--- Provided material Enclosed Below ---

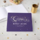 Noite estrelada e cena noturna da lua crescente roxo e livro de convidados dourados
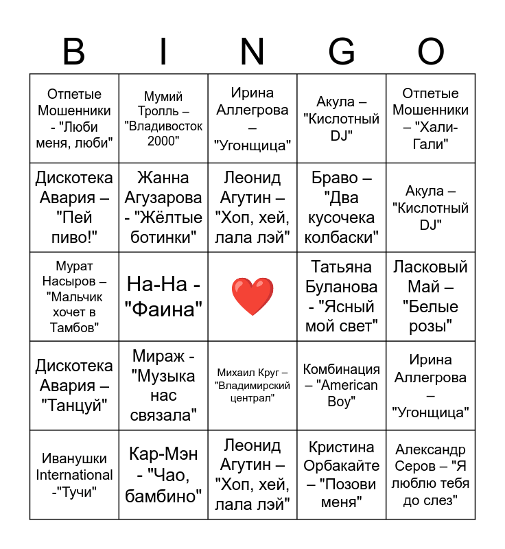 This bingo card has a free space and 29 words: Иванушки International -"Тучи", Руки Вверх! - "Крошка моя", На-На - "Фаина", Андрей Губин - "Зима-холода", Отпетые Мошенники - "Люби меня, люби", Ирина Аллегрова – "Угонщица", Жанна Агузарова - "Жёлтые ботинки", Мираж - "Музыка нас связала", Татьяна Буланова - "Ясный мой свет", Кар-Мэн - "Чао, бамбино", Ласковый Май – "Белые розы", Александр Серов – "Я люблю тебя до слез", Леонид Агутин – "Хоп, хей, лала лэй", Кристина Орбакайте – "Позови меня", Акула – "Кислотный DJ", Мумий Тролль – "Владивосток 2000", Михаил Круг – "Владимирский централ", Дискотека Авария – "Танцуй", Отпетые Мошенники – "Хали-Гали", Мурат Насыров – "Мальчик хочет в Тамбов", Комбинация – "American Boy", ЧайФ – "Аргентина — Ямайка 5:0", Браво – "Два кусочека колбаски", Дискотека Авария – "Пей пиво!", Акула – "Кислотный DJ", Мумий Тролль – "Владивосток 2000", Ирина Аллегрова – "Угонщица", Леонид Агутин – "Хоп, хей, лала лэй" and Дискотека Авария – "Танцуй".
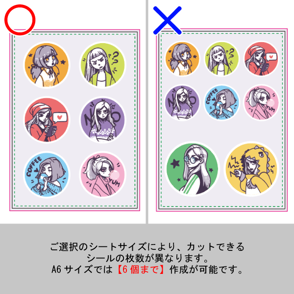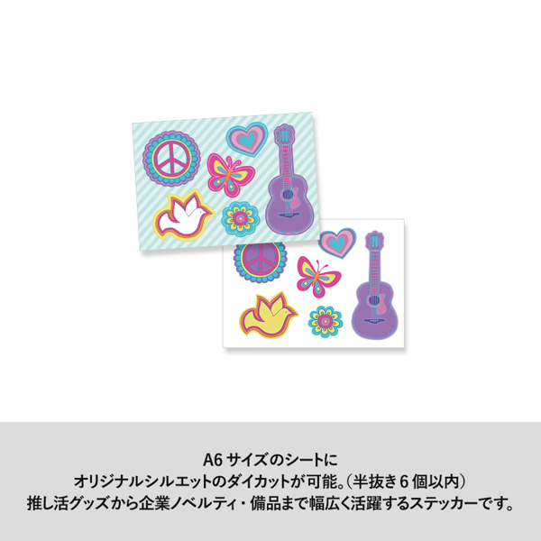 A6サイズのシートにダイカット(オリジナルシルエット)の抜きデザインが最大6個まで可能です。
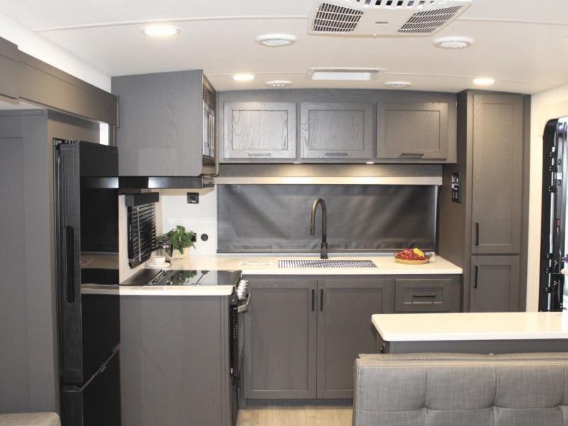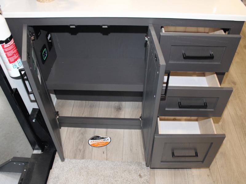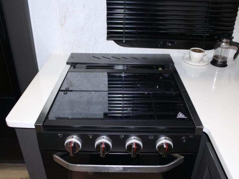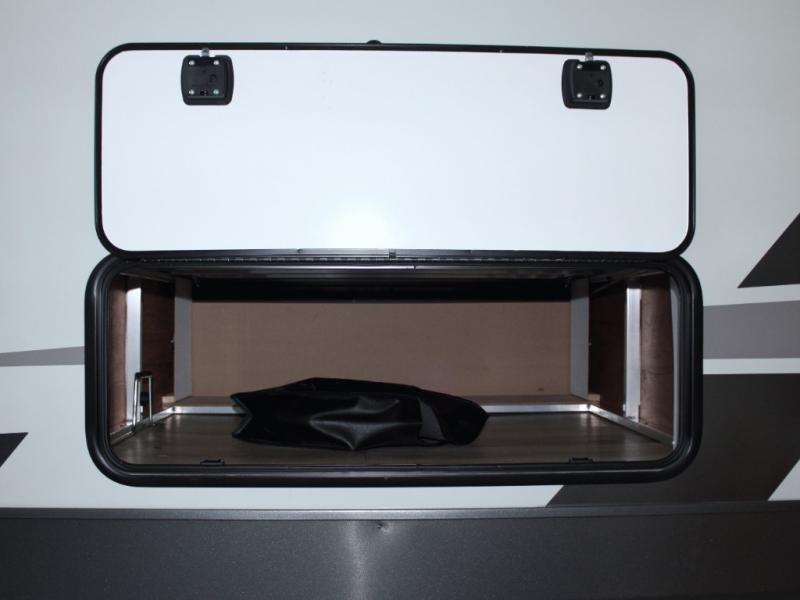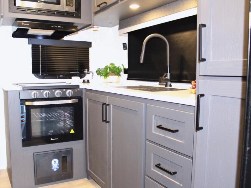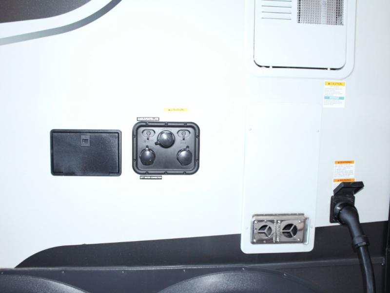 Love to cook on the road? The 2619FK delivers in a big way. The spacious front kitchen gives you abundant counter space, a three-burner range, oven, microwave, and a 12V refrigerator—all laid out for convenience and functionality. When the weather is calling, take your cooking outdoors with the exterior griddle, perfect for burgers, bacon, or breakfast with a view.
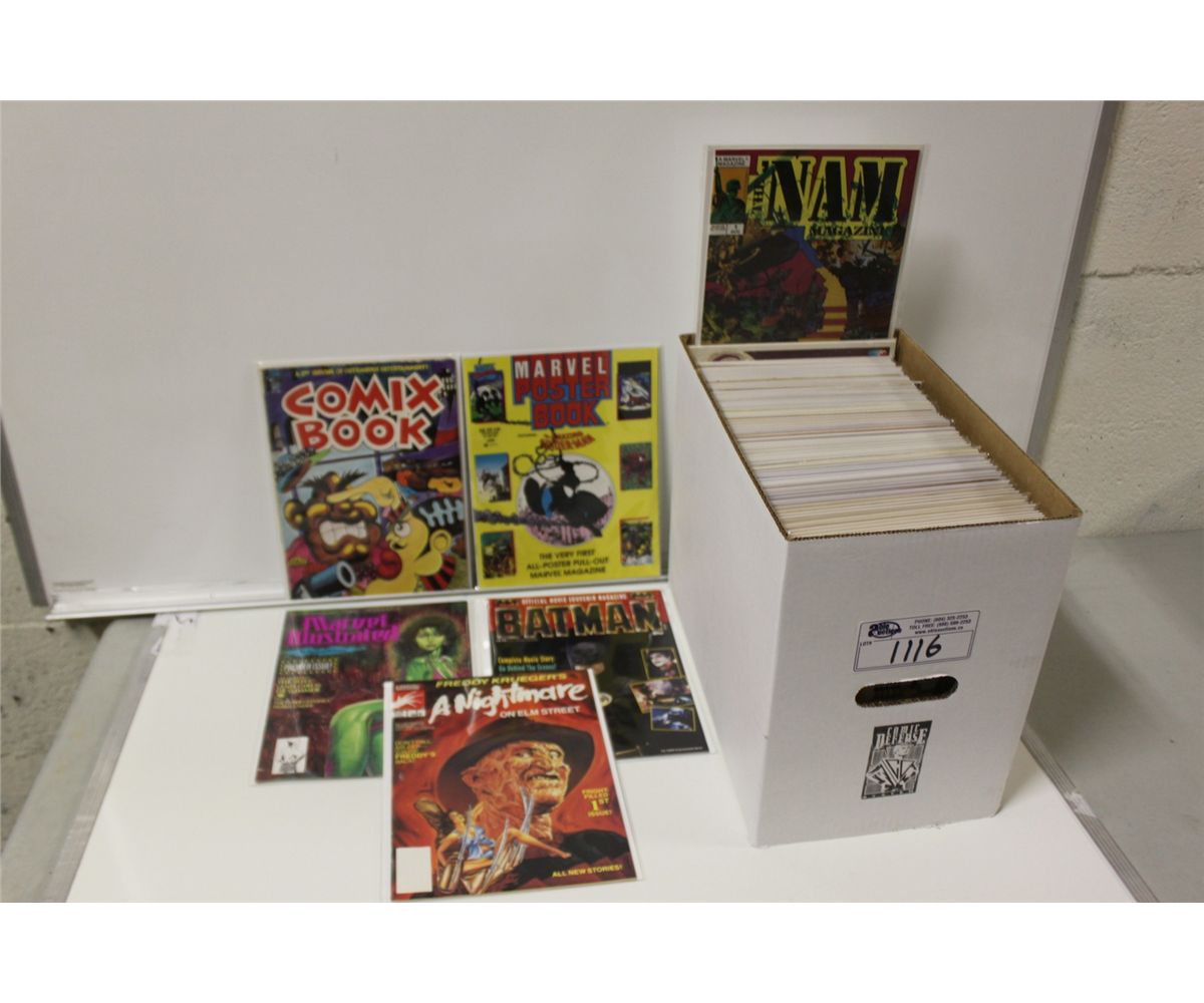 MAGAZINE BOX LOT OF MIXED TITLES.  INCLUDES PHANTACEA #1 X 2 COPIES (EARLY DAVE SIMART) & MANY OTHER NEAT MAGS.  MIXED GRADES, SOLID BOOKS.
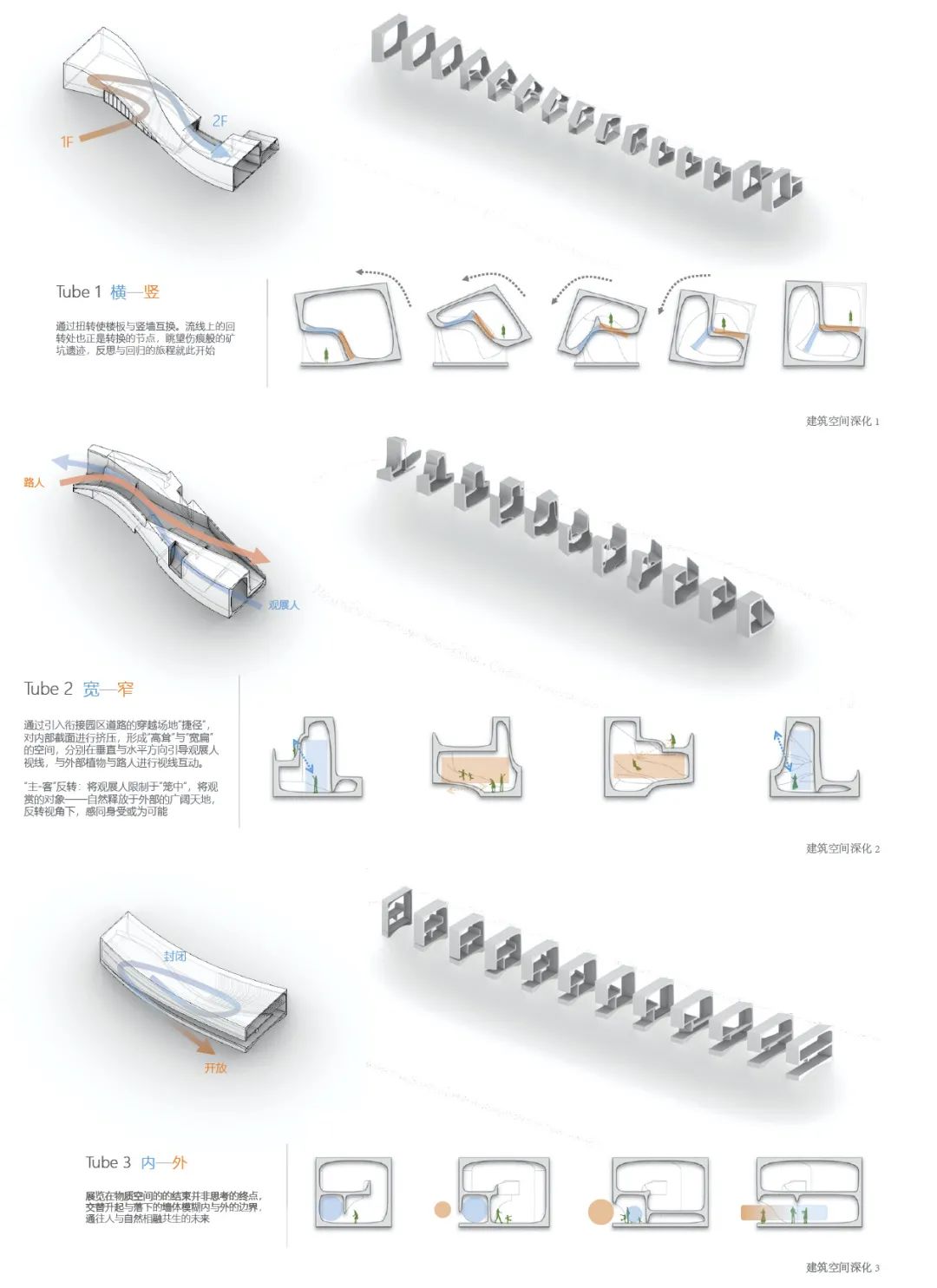 现有3D混凝土打印工艺具有极大的平面自由度,却不利于制造水平或悬挑构件。但打印构件翻转90度后就可以作为建筑的“切片”。多个切片连续排列就很自然地形成了建筑空间。
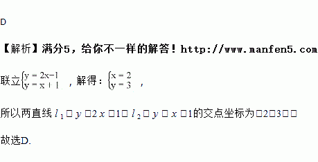 两直线 l 1 : y =2 x -1, l 2 : y = x +1的交点坐标为( ).

--- End of Enclosed Provided material ---

What the task requires -> Nothing should be printed except the lines from the one with "现有3D混凝土打印工艺具有极" through the last line of the listing above, both ends included; please drop the pictures.

Answer space ->
 现有3D混凝土打印工艺具有极大的平面自由度,却不利于制造水平或悬挑构件。但打印构件翻转90度后就可以作为建筑的“切片”。多个切片连续排列就很自然地形成了建筑空间。
 两直线 l 1 : y =2 x -1, l 2 : y = x +1的交点坐标为( ).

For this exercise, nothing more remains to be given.